Notably, Howard et al[27] reported significant changes in microbial diversity early after severe injury in
human patients, indicating that TBI induces rapid and profound shifts in the gut microbial
ecosystem. Furthermore, Burmeister et al found that the gut microbiome composition
could distinguish mortality in trauma patients, suggesting a strong association between
gut dysbiosis and adverse clinical outcomes.[28] In a study focused solely on TBI patients, Mahajan et al characterized the gut microbiome
after TBI, providing further evidence of significant alterations in this population.[4] Similarly, Pyles et al observed that the altered TBI fecal microbiome is stable
and functionally distinct, highlighting the persistent nature of these changes.[29] Urban et al further confirmed these findings, documenting altered fecal microbiome
years after TBI, suggesting long-lasting microbiome changes.[30]
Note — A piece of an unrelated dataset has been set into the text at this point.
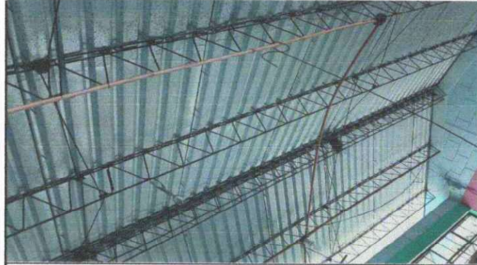
Foto 1: Sustitución de lámina, por lámina troquelada aluzinc calibre 26.

Furthermore, several studies have begun to investigate the gut–brain axis in specific
TBI populations. In premature infants with brain injury, there are altered neuroactive
metabolites, bile acids, and specific genome features associated with brain injury.
These studies provide evidence of the importance of the gut–brain axis in vulnerable
populations. Additionally, Armstrong et al reviewed the link between TBI, abnormal
growth hormone secretion, and gut dysbiosis, suggesting a potential interplay between
these factors.[31] Our preliminary results align with previous research demonstrating gut microbiome
dysbiosis following TBI. However, the small sample size in this pilot study limits
the generalizability of these findings. A larger study is needed to confirm these
observations and to investigate the functional implications of gut microbiome dysbiosis
in TBI.
Implications for a Larger Study
This pilot study provides valuable insights to inform the design of a larger, more
definitive study. To address the feasibility challenges encountered, the following
modifications should be considered. A broader age range and less restrictive exclusion
criteria should be used to improve patient recruitment and achieve a larger sample
size. Alternative sample collection methods, such as rectal swabs or stool collection
bags, should be explored to improve efficiency and mitigate the impact of delayed
stool passage and urgent surgical interventions. The use of enemas should be avoided.
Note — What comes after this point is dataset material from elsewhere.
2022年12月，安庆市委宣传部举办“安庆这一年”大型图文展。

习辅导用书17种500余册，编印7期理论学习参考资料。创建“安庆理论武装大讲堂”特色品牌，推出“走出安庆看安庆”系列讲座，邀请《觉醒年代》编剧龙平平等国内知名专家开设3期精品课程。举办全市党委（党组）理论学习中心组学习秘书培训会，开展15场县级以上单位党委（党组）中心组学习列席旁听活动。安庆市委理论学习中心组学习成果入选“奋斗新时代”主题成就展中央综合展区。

Increased sampling time points may be beneficial to capture the dynamic changes in
the gut microbiome following TBI. Future studies should incorporate functional metagenomics
analyses to investigate the functional consequences of gut microbiome dysbiosis in
TBI. A more comprehensive assessment of clinical variables, including detailed neurological
assessments, inflammatory markers, and medication usage, is needed to better correlate
gut microbiome alterations with clinical outcomes.
A well-designed and adequately powered larger study, incorporating these improvements,
will provide a more comprehensive understanding of the role of the gut microbiome
in TBI and pave the way for potential therapeutic interventions.
Conclusion
This pilot study has demonstrated the feasibility challenges associated with conducting
gut microbiome research in sTBI patients, specifically concerning patient recruitment,
sample collection, and data acquisition. However, the lessons learned and the modifications
implemented will inform the design and implementation of future studies. The preliminary
metagenomic data indicate that sTBI is associated with gut microbiome dysbiosis. A
larger study is warranted to further investigate the association between gut microbiome
composition and clinical outcomes in sTBI, provided that the identified feasibility
challenges are adequately addressed.